I've already got the diet laid down (60% veggies, 20% fruits, and 20% cockroaches). I don't feed rodents so he definitely needs a vitamin. The beta carotene was the only one I was really questioning.


----------



## lazyjr52 (Jul 27, 2009)

cornking4 said:


> I've already got the diet laid down (60% veggies, 20% fruits, and 20% cockroaches). I don't feed rodents so he definitely needs a vitamin. The beta carotene was the only one I was really questioning.




Is this diet for your tegu or did I misread this topic?
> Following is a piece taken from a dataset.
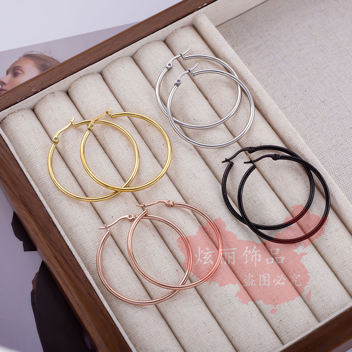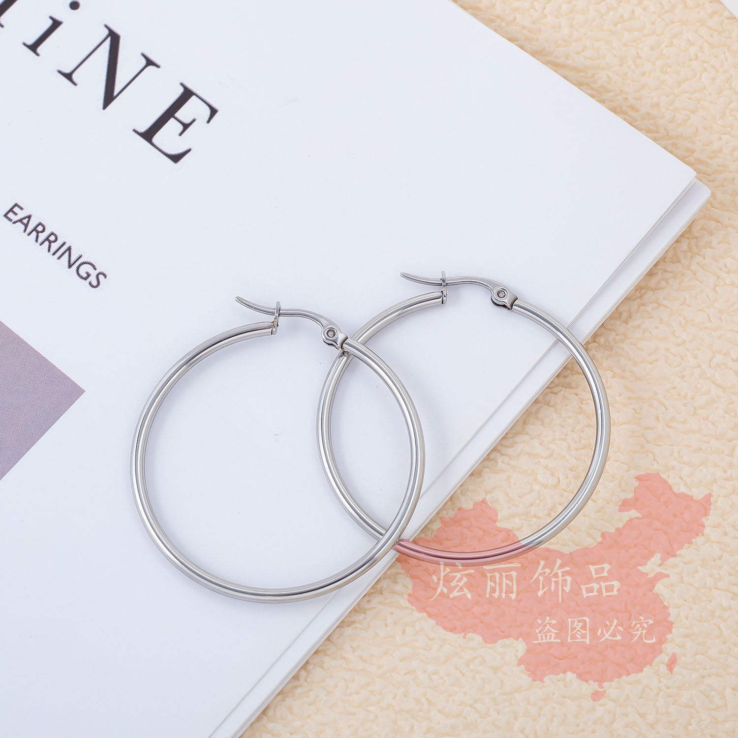 经典不锈钢圆圈圈耳环夸张高级感钛钢防过敏欧美大线耳环扣首饰品

The reason I ask becuase you stated 60% veggies.


----------



## Jer723 (Jul 27, 2009)

yes your tegu is going to need whole pray items, i dont believe roaches should be a main staple of an adult tegu diet. i believe that all size tegus should be eating a whole prey item 1 to 2 times a week. whether its rodents or chicks. they need that stuff. dont leave it out! and tegus dont really need 60% veggies or 20% fruit. i feed mine about 80% meat and about 20% fruits and vedge.

Jerry


----------



## cornking4 (Jul 27, 2009)

Can I use a mixture of ground chicken/turkey, gizzards, and liver? He's only five months old, so I don't want him to get addicted to anything.


----------



## MIKE-ZILLA (Jul 27, 2009)

the meat is fed raw,so i dont use raw chicken(just ground turkey) you can add about anything to ground turkey (like chopped fruit) but not too much fruit. 60%fruit too much. you can also feed hard boiled eggs.


----------



## Beasty (Jul 27, 2009)

I have used Nekton-Rep for years and it's awesome stuff!(although it does have some D3 in it) It's water soluble so it can go in the water dish or sprinkled in food once a week.
Also reptile calcium without D3 by Zoomed(NOT repti-cal) is said to be the only way to go for calcium as the others are derived of oyster shells.(not digestible)
And yes, most certainly have your proper lighting and whole prey item in that diet -without fail! Your baby needs the calcium!


----------